The next steps are to build an index and then align our read to the index:

#build index
bowtie-build ref.fa ref

#if you want to scroll up and down the usage
#bowtie 2>&1 | less
#here are what the parameters mean
#-k <int>           report up to <int> good alignments per read (default: 1)
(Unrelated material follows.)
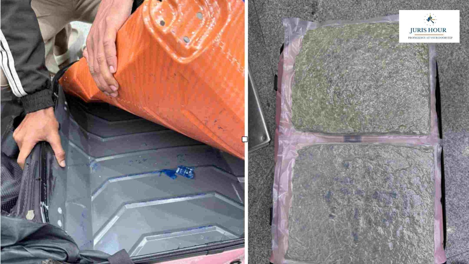 The remaining 2 packets were found secreted within the false bottom of the carry-on luggage. These packets had been concealed by converting the suspected contraband into paste form and hydraulically pressing it to enable seamless placement within the false compartment. The false bottom was subsequently prised open, leading to the recovery of the suspected contraband. On testing, the substance gave a positive result for Cannabis. A total of 3.93 kg of hydroponic weed was recovered from the baggage.

#-f                 query input files are (multi-)FASTA .fa/.mfa
#-S/--sam           write hits in SAM format
bowtie -k 40 -f -S ref read.fa
@HD	VN:1.0	SO:unsorted
@SQ	SN:artificial	LN:560
@PG	ID:Bowtie	VN:1.0.1	CL:"bowtie -k 40 -f -S ref read.fa"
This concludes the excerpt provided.